As the U.S. continues to cope with the fallout from financial crisis and as unemployment hovers around 10 percent, many are starting the new year with one goal in mind: finding a job. Although some may have luck, others are finding that the job market is unforgivable. In fact, unemployment seems to be affecting certain segments of the population worse than others.
According to a recent All Things Considered report on National Public Radio, 52 percent of African-American males between the ages of 16 and 19 are unemployed. This is an alarming statistic, and one that highlights the crisis facing at-risk youth in America today.
From the report:
Academics believe fewer than 14 in 100 young black men actually have jobs. Washington, DC has the worst teen employment rate in the country, according to the Bureau of Labor Statistics.
This problem has serious long-term effects, as Andrew Sum with the Center for Labor Market Studies says that young people need to work during their teen years:
“These people who work a lot when they’re teenagers not only benefit when they’re teenagers, but they also will work more and earn more when they’re 25 years old,” he says. “The more you work now, the more you work tomorrow.”

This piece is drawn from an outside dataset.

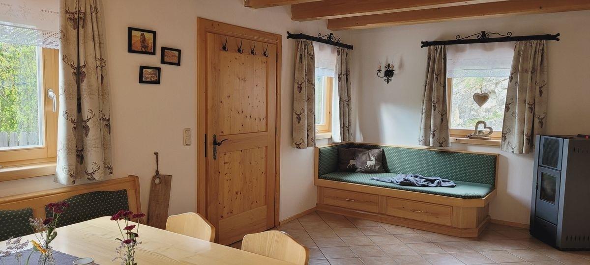 Im Erdgeschoss lädt der gemütliche Wohnraum mit Kaminofen zu behaglichen Abenden ein. Die Küche ist mit Ceranfeld, Backofen, Kühlschrank mit Gefrierfach, Kaffeemaschine und Mikrowelle ausgestattet und bietet alles für die Selbstversorgung.

And working as a teen leads to higher high school graduation rates, steadier and higher-paying employment down the road, and lower rates of criminal activity.

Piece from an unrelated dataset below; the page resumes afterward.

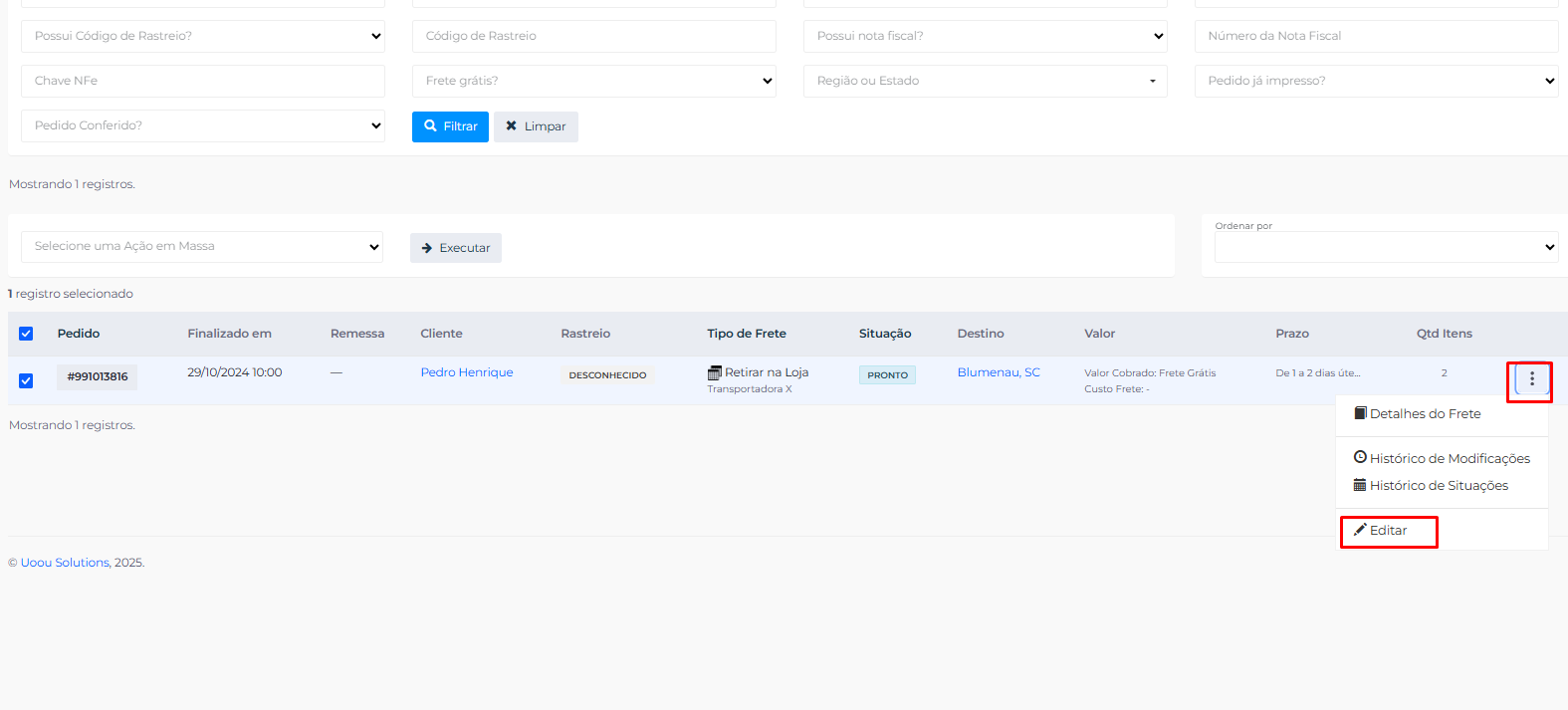2 - Localizar o pedido desejado, clicar nos três pontinhos>editar

The report lists discrimination, a lack of professional networks, and the fact that older workers laid off from higher-paying jobs are filling entry-level jobs as reasons why young black men are having difficulties in the labor market.
But what may be at the root of the problem is that young people in America simply lack the skills needed to enter the workforce. Corporate Voices for Working Families is addressing this problem in concert with other organizations though the Ready by 21 Partnership, which aims to improve the odds that young people will succeed throughout high school and be ready for college, work, and life. The Ready by 21 Partnership is a coalition of prominent organizations whose members reach more than 100 million youth across the country. Corporate Voices plans to engage business leaders to help them create partnerships within their local communities to ensure that youth are ready for work.
Ready by 21 is among other major new initiatives Corporate Voices is undertaking to address the urgent need to improve workforce readiness in the U.S.